WHAT TO DO: Where the listing shows an image, skip it and output all other material unchanged.

THE DATA:

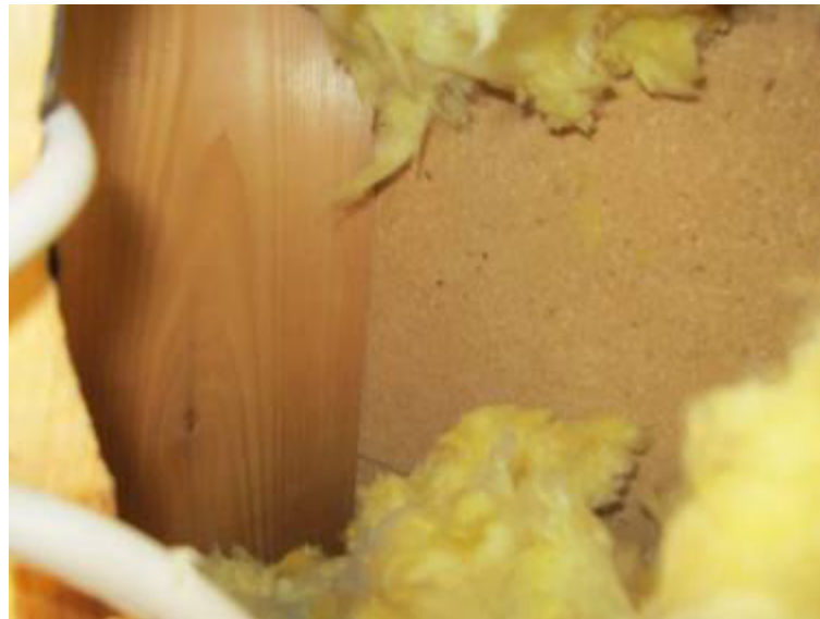
Bild 14: Öffnung 8
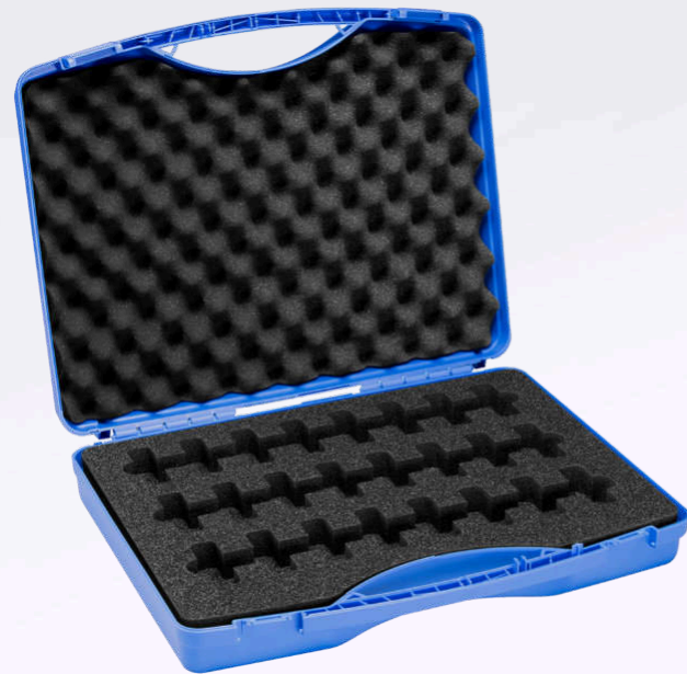
Valigetta da trasporto, grande Per 24 inchiostri di prova da 10 ml.
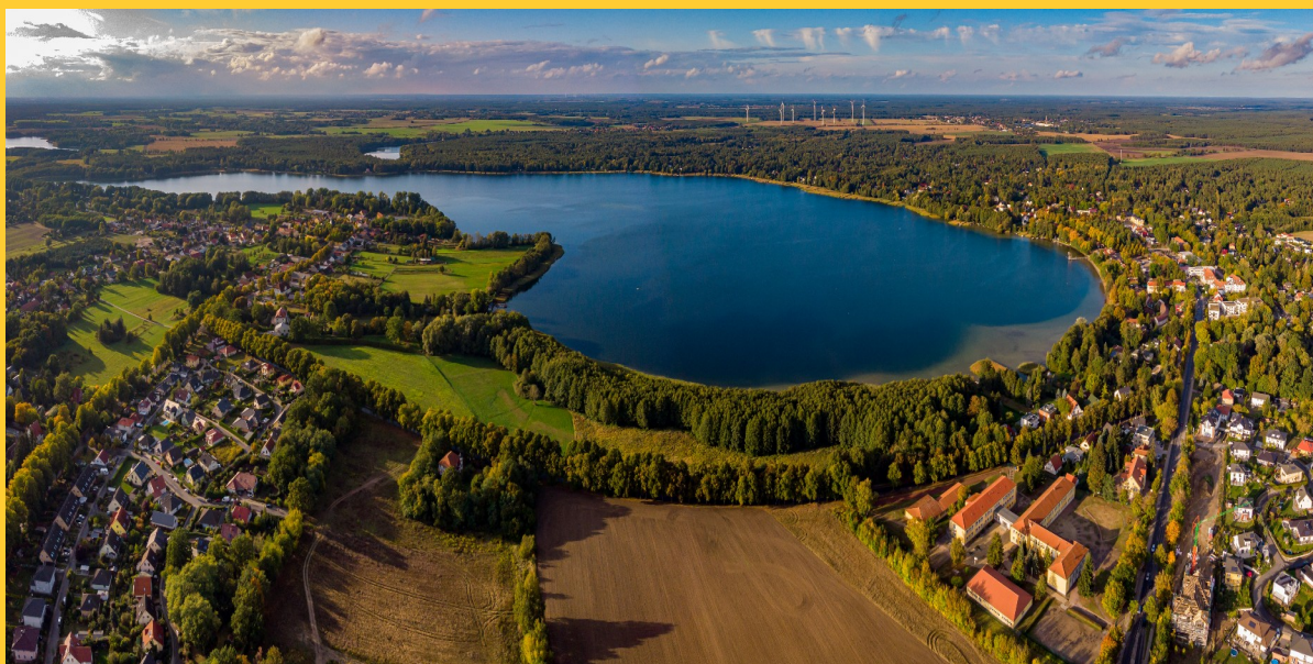
Abbildung 2: Wandlitzer See

Der Ort wirbt mit den Worten: „Herrlich nach Kien duftende Wälder, glasklare Seen und idyllische Rückzugsorte für Seele und Gemüt, fernab von Trubel und Hektik des Alltags. Wandlitz zieht mit Charme und Gastfreundlichkeit fast alle in seinen Bann. Eine Schatzkiste, voll mit kleinen und großen Schätzen.“

WRITTEN ANSWER:
Bild 14: Öffnung 8
Valigetta da trasporto, grande Per 24 inchiostri di prova da 10 ml.
Abbildung 2: Wandlitzer See

Der Ort wirbt mit den Worten: „Herrlich nach Kien duftende Wälder, glasklare Seen und idyllische Rückzugsorte für Seele und Gemüt, fernab von Trubel und Hektik des Alltags. Wandlitz zieht mit Charme und Gastfreundlichkeit fast alle in seinen Bann. Eine Schatzkiste, voll mit kleinen und großen Schätzen.“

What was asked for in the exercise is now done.